Aylar sonra bölüm güncellemesi yapan ben...
Hava kararmaya başladığında gözlerim ağrıdığından dolayı oyundan çıkmıştık. Gözlüğümü,
yumruk yedigimde yamulduğundan dolayı takamıyordum. Ekrana uzun süre gözlüksüz bakınca da gözlerim ağrımaya başlıyordu doğal olarak.Oyundan çıktıktan sonra akşam yemeğine kadar boş olan vaktimizi birbirimize sorular sorarak geçirmiştik. Mesela artık William'ın annesinin sağ olup babasının sekiz yıl önce vefat etmiş olduğunu öğrenmiştim. Bunların ailecek zengin olduklarını da öğrenmiştim bugün. William'a dedesinden kalma, şehirden uzak ormanın içinde küçük bir villası bile varmış ama iş yerine uzak olduğundan ötürü oraya sadece başını dinlemek için ara sıra uğruyormuş. Ben de ona kendi hayatımı anlatmıştım. Tabi buluştuğumuz zaman sahilde piknik yapan insanların başlarının etrafında ak babalar gibi dönen martılar gibi kişnediğimiz best frendim, veya favori aktivitem (çay ve çekirdek eşliğinde dedikodu) gibi bazı küçük detayları atlamadan edememiştim. Adama kendimi rezil mi edecektim? Onun yerine ona cool yanlarımdan bahsetmiştim.
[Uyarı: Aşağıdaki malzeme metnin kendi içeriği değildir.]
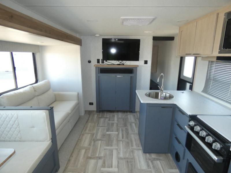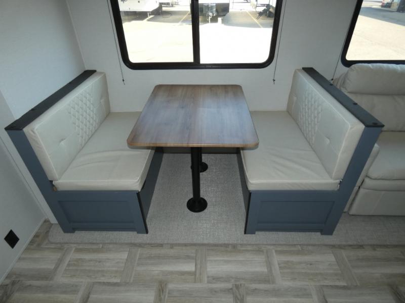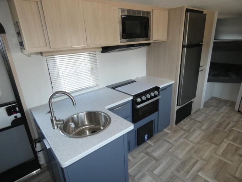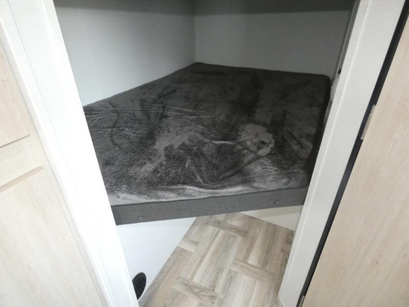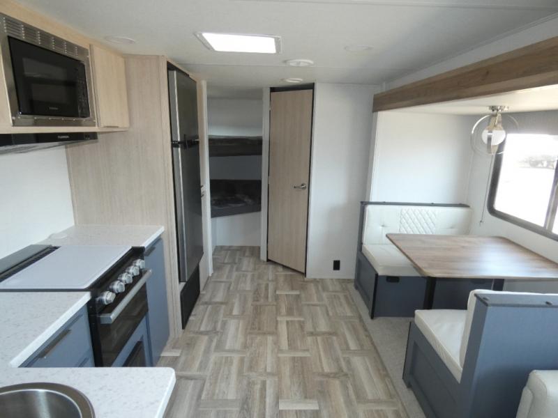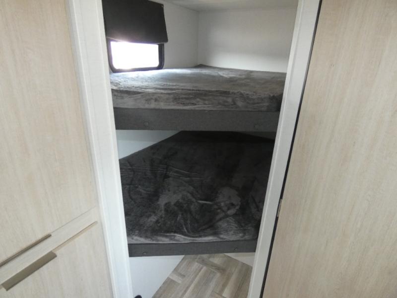 If you are looking for a trailer with double-size bunks and a private bedroom, you have found it! The queen bed and two wardrobes are behind a partial wall for added privacy. The double-size bunks are in the rear corner next to the full bathroom for convenience for the kids or your guests. And the L-shaped counter with a kitchen sink and full amenities sets up the cook nicely to be able to make meals for everyone. And you will love the extra floor space created by the booth dinette and sofa slide out.

Saat dokuza kadar böyle sohbet ettikten sonra William artık korku filmleri izlemeyi sevdiğimi bildiğinden ötürü haydi korku filmi izleyelim demişti. Çok sevdiği ama çok korkunç olan bir film varmış. Ben de tamam lan izleyelim dedim hemen tabi. Kendimi korkutmaktan zevk alıyordum artık nasıl bir huysa...
*
William üzerinde koca bir kase karamelli patlamış mısır, atıştırmalıklar ve iki bardak içecek olan bir tepsiyle geldiğinde şık siyah orta sehpasını koltuğun önüne çektim. Harbi bu evde eşyaların çoğu siyah, altın veya krem rengindeydi. Zenginlik adamın ruhuna işlemişti besbelli.
Ev sahibim devasa televizyonundan Amazon Prime'ı açıp filmi seçerken ben de onu izliyordum. Beni eve getirdiği günden beri saçma sapan huylarından vazgeçmişti. Bana bakış şekli bile değişmişti. Artık bana yavşamıyordu. Doğru daha birkaç saat önce kucağına oturtmuştu ama olsun. En azından bir yerlerime dokunmamış, sadece oyunu öğretmekle yetinmişti. İçten davranışları ne yalan söyleyeyim beni de baya rahatlatmışlardı. Hala tetikteydim tabi, ama en azından acaba şimdi ne yapacak diye tedirginlik içinde değildim. Ben gözlerim dalmış düşüncelerimde kaybolmuşken William bana dönüp göz kırparak gülümsedi ve elindeki kumandayla televizyonu işaret etti.
"Hazırsan başlayalım."
*
Film başladığında gayet sıradan gelmişti. El kamerasıyla çekilmişti ve benim bu tür filmlere hiç tahammülüm yoktu. Ancak dakikalar ilerledikçe gerilim artmaya başlamıştı. Öyle ki yatağında uyuyan yakışıklı adam kendisini yiyecek olan hayaleti gördüğünde bütün yuttuğum mısır neredeyse soluk boruma kaçıp nalları dikmeme sebep olacaktı.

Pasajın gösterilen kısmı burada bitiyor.